Implementation Patterns
PostgreSQL: Safe Upsert with Optimistic Locking
-- Optimistic locking with version column
-- Application reads version, increments, write fails if concurrent update occurred
UPDATE documents
SET content = $1,
version = version + 1,
updated_at = NOW()
WHERE id = $2
AND version = $3; -- must match what we read
-- If rowsAffected == 0: concurrent modification, retry or surface conflict to user
SQLite: Read-Write Pool Separation in Go
type DB struct {
read *sql.DB
write *sql.DB
}
func Open(path string) (*DB, error) {
dsn := fmt.Sprintf("file:%s?_journal_mode=WAL&_synchronous=NORMAL", path)
write, err := sql.Open("sqlite3", dsn+"&_busy_timeout=10000")
if err != nil { return nil, err }
write.SetMaxOpenConns(1) // serialize writes
write.SetMaxIdleConns(1)
read, err := sql.Open("sqlite3", dsn+"&_busy_timeout=5000")
if err != nil { return nil, err }
read.SetMaxOpenConns(max(4, runtime.NumCPU())) // parallel reads
return &DB{read: read, write: write}, nil
}
PostgreSQL: Bounded Retry on Serialization Failure
func isSerializationError(err error) bool {
var pgErr *pgconn.PgError
return errors.As(err, &pgErr) && pgErr.Code == "40001"
}
func execSerializable(ctx context.Context, db *pgxpool.Pool,
fn func(pgx.Tx) error) error {
for attempt := 0; attempt < 5; attempt++ {
tx, err := db.BeginTx(ctx, pgx.TxOptions{IsoLevel: pgx.Serializable})
if err != nil { return err }
if err = fn(tx); err != nil {
_ = tx.Rollback(ctx)
if isSerializationError(err) {
time.Sleep((1 << attempt) * 10 * time.Millisecond)
continue
}
return err
}
return tx.Commit(ctx)
}
return errors.New("serializable transaction failed after 5 attempts")
}
Decision Framework
Neither database is the correct default.

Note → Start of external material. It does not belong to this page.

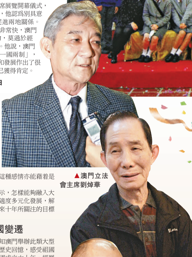
▲澳門立法會主席劉焯華

The question is which constraints apply to your workload.
Reach for SQLite when:
Your application has one logical writer (a mobile device, a single embedded process, an edge function with a per-user database). Operational simplicity is a feature, not a compromise — you have no DBA, no ops team, and paying for managed PostgreSQL is wasteful at your scale. Traffic is read-heavy with infrequent or bursty writes. You are deploying to the edge and need sub-10ms reads.
Reach for PostgreSQL when:
Multiple application instances write to the same dataset concurrently. You need a verifiable audit trail with point-in-time recovery. Your schema uses complex types (JSONB, arrays, custom domains) that benefit from strict enforcement. You are building multi-tenant software where tenant data lives in shared tables. You need streaming replication, logical CDC, or downstream consumers that subscribe to a change stream.
The rule you can break:
“SQLite is not for production web apps.” It is, with appropriate architecture: a single writer pool, WAL mode enabled, busy_timeout set, and a workload that does not require distributed writes. Pieter Levels runs Nomad List and Remote OK — products with hundreds of thousands of monthly users — on SQLite. The constraint is not traffic volume; it is concurrent write volume.

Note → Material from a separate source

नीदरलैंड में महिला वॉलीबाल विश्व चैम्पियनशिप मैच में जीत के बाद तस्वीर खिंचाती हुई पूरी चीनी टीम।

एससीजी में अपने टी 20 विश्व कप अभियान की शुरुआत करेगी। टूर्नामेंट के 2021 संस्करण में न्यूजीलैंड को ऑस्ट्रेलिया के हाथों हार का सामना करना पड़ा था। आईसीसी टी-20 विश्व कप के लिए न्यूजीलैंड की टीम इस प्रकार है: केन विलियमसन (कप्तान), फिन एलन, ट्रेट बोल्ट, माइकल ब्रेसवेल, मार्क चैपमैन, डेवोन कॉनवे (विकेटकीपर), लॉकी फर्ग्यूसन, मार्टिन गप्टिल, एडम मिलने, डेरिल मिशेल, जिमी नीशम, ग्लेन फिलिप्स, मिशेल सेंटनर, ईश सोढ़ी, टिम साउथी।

“You always need a connection pooler with PostgreSQL.” Not if you are using a managed service like Supabase, Neon, or RDS Proxy that handles pooling at the infrastructure layer, or if you are deliberately limiting your application’s connection count through application-level queuing.
The Real Summary
SQLite eliminates operational complexity by accepting a single-writer constraint.
PostgreSQL accepts operational complexity in exchange for eliminating almost every other constraint.
If your write concurrency is low and your deployment environment is constrained — mobile, embedded, edge, small team with no ops budget — SQLite is not a compromise. It is the correct choice.
If your write concurrency is high, your data model is complex, your team needs observability and replication, or your organization requires point-in-time recovery for compliance — PostgreSQL is the correct choice, and the operational overhead is the price of those guarantees.
The mistake is not choosing one over the other. The mistake is choosing without examining the actual constraints first.